Site-specific functional divergence
It is well recognized that gene duplication supplies raw genetic for functional innovation. The evolutionary determinants of the functional divergence after key duplication events were evaluated with the DIVERGE2 program [11934757]. Both site-specific shifts of amino acid property (type-II functional divergence) and evolutionary rate (type-I functional divergence) were detected [16864604]. While type-I sites are typically highly conserved in a subset of homologous and highly variable in another, the type-II functional divergence results in the fixation of amino acids mutated after the duplication event [16864604]. The program computed posterior probabilities of a site being involved in type-I functional divergence. The strength of type-II functional divergence was measured by the values of the coefficient of functional divergence theta (posterior ratio RII), where a theta value significantly greater than zero indicates functional divergence.

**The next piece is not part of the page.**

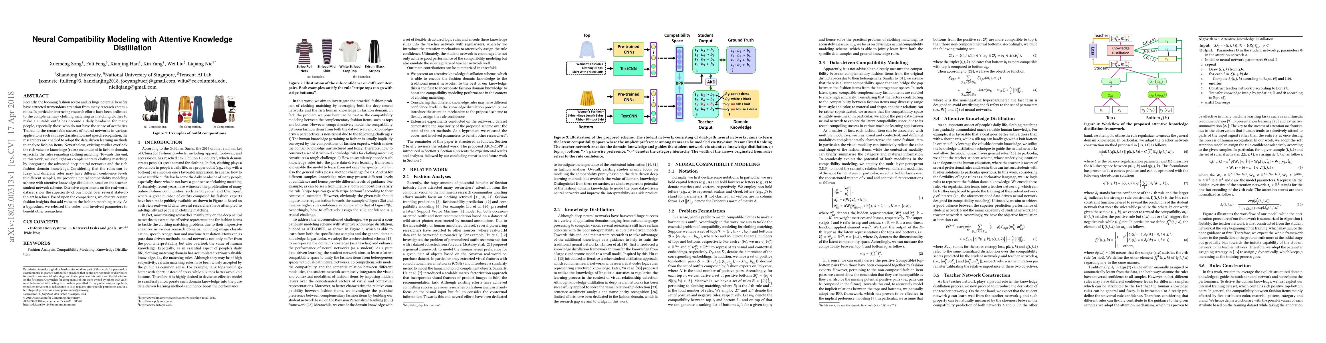 Recently, the booming fashion sector and its huge potential benefits have attracted tremendous attention from many research communities. In particular, increasing research efforts have been dedicated to the complementary clothing matching as matching clothes to make a suitable outfit has become a daily headache for many people, especially those who do not have the sense of aesthetics. Thanks to the remarkable success of neural networks in various applications such as image classification and speech recognition, the researchers are enabled to adopt the data-driven learning methods to analyze fashion items. Nevertheless, existing studies overlook the rich valuable knowledge (rules) accumulated in fashion domain, especially the rules regarding clothing matching. Towards this end, in this work, we shed light on complementary clothing matching by integrating the advanced deep neural networks and the rich fashion domain knowledge. Considering that the rules can be fuzzy and different rules may have different confidence levels to different samples, we present a neural compatibility modeling scheme with attentive knowledge distillation based on the teacher-student network scheme. Extensive experiments on the real-world dataset show the superiority of our model over several state-of-the-art baselines. Based upon the comparisons, we observe certain fashion insights that add value to the fashion matching study. As a byproduct, we released the codes, and involved parameters to benefit other researchers.

Homology modeling of human protein structures
Three-dimensional structures were modeled based on the structure of mouse Abcb1a in apo form (PDB ID: 3G5U). Its secondary structure was assigned according to the DSSP database [6667333]. Secondary structures of human transporters were predicted by PSIPRED v3.0, http://bioinf.cs.ucl.ac.uk/psipred/, and guided manual refinement of the previous sequence alignment. Comparative models were constructed using MODELLER 9v8 [18429317] and displayed in PyMOL.
Results
Phylogeny of the mammalian ABCB transporters
By exhaustive keyword and homology searches we identified 98 nonredundant cDNA sequences of the subfamily MDR/TAP of ABC transporters from 10 fully sequenced mammalian genomes (see Supplementary material for details). As expected, the complement of ABCB genes is the same in all the genomes, with the exceptions of duplicated variant of Abcb1 in rodent genomes, and identical copies of TAP genes in pig. In the further study we used sequences of common, minimal functional TMD-ABC units. The maximum-likelihood phylogenetic tree (lnL = -46760) constructed on the basis of aligned 131 amino acid sequences, corresponding to TMD-ABC units is shown in Figure 1. Expectedly, the tree contains 14 paralogous clades, which are grouped into four major groups: full transporters (Pgp group, with B1, B4, B5, B11 halves), peptide-specific transporters (TAP group, with TAP1, TAP2 and B9), two mitochondrial homologs of yeast MDL (B8/10 group; with B8 and B10), and homologs of yeast ATM1 (B6/7 group, with B6 and B7). Trees reconstructed by the three algorithms have nearly the same topology. The major exception occurs at the B8/10 node with a bootstrap value of 0.75 in the PhyML tree. In the neighbor-joining trees B10 transporters are more related to the TAP clade, no longer forming a single B8/10 clade. Moreover, both yeast closest homologs, MDL1 and MDL2 belong to the B10 clade (data not shown), leaving the question of the duplication event preceding speciation of B8 and B10 transporters unanswered. However, presence of MDL1 and MDL2 in the NJ tree improves the bootstrap value of the B8/10 node to 87, what gives an evidence of its statistical significance. Previous phylogenetic analysis of mitochondrial ABC transporters has revealed that ATM1 from Agrobacterium species is a common ancestor of B8 and B10 [19248758], but we were not able to confirm this fact in our study.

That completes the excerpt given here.